Until the 6th season, Evgenia Samara or Christina Moustaka would be presenting funny videos found online or created by fans of the show, after the end of "Top of the week".

Starting with the 7th season, in which only one episode was airing per week, sketches have been incorporated into the format of the show. Besides the hosts, Kostas, the floor manager, and Stathis, a cameraman, make usual appearances in those sketches. Kostas (referred to as Kostakis) and Stathis (referred to as Pasoktsis) have been a part of some of the show's inside jokes for a while.

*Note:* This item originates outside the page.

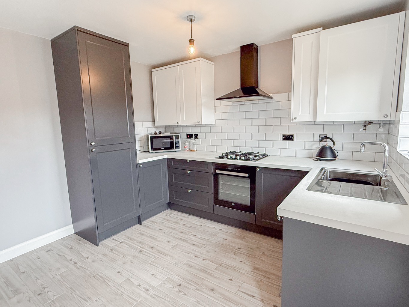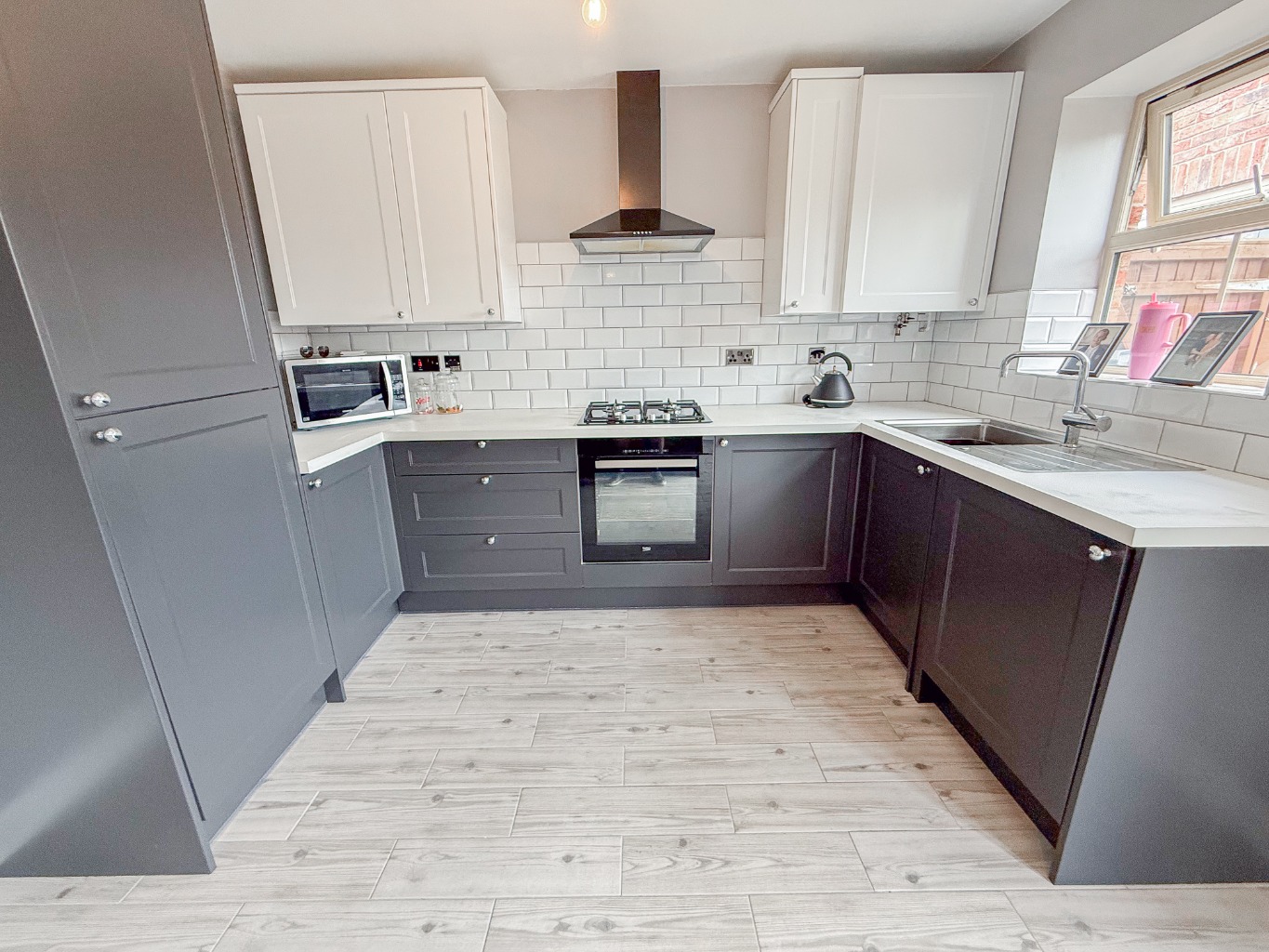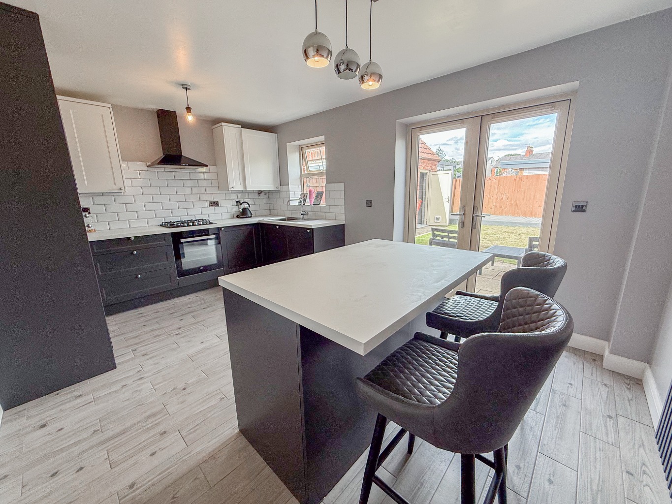 At the rear of the home lies the Kitchen Diner (4.70 × 3.30 m / 15'5″ × 10'10″), a real heart-of-the-home setting. This space has been finished to an excellent standard with a two-tone grey and white shaker-style kitchen, white worktops, and striking metro tile splashbacks. A central island offers breakfast seating and additional prep space, while French doors lead directly to the garden—creating a seamless flow for indoor-outdoor living.

An invaluable and much loved member of the group was Sardela, Stathis' dog. She would come along to every taping and could be seen walking around the set. She died after the end of season 8. The hosts paid tribute to her on the first episode of season 9.

==Episodes==

| Season |  | Episodes | Originally aired |  | TV network |
| First aired | Last aired |
|  | 1 | 54 | 14 April 2008 | 27 June 2008 | ANT1 |
|  | 2 | 45 | 6 October 2008 | 10 June 2009 |
|  | 3 | 141 | 5 October 2009 | 3 June 2010 |
|  | 4 | 96 | 11 October 2010 | 1 June 2011 |
|  | 5 | 90 | 24 October 2011 | 30 May 2012 |
|  | 6 | 65 | 29 October 2012 | 4 June 2013 |
|  | 7 | 26 | 11 November 2013 | 2 June 2014 |
|  | 8 | 24 | 17 November 2014 | 8 June 2015 |
|  | 9 | 24 | 23 November 2015 | 6 June 2016 |
|  | 10 | 15 | 21 November 2016 | 5 June 2017 |
|  | 11 | 22 | 27 November 2017 | 4 June 2018 |
|  | 12 | 16 | 4 February 2019 | 27 May 2019 | Skai TV |
|  | 13 | 8 | 16 March 2020 | 11 May 2020 | YouTube |
|  | 14 | 93 | 11 January 2021 | 27 May 2021 | Open TV |
|  | 15 | 78 | 8 November 2021 | 14 April 2022 | ANT1 |
|  | 16 | 65 | 17 October 2022 | 6 April 2023 |
|  | 17 | 61 | 6 November 2023 | 22 April 2024 |
|  | 18 | 39 | 11 November 2024 | 9 April 2025 |
|  | 19 | 49 | 3 November 2025 | 1 April 2026 |

==Reception==
A lot of "conservatives" like Kostas Prekas have criticised the show for "crossing the line", stating that "...they are making fun of everybody, they are pricks. This show must end.". The hosts have largely not paid attention to such statements, opting instead to make fun of them through their videos.

The show still remains one of the most popular shows on Greek television, especially among younger audiences.

==Etymology==
"Radio arvyla" is a Greek idiom that means "false rumor" or fake "news". Literally it means "army-boot radio".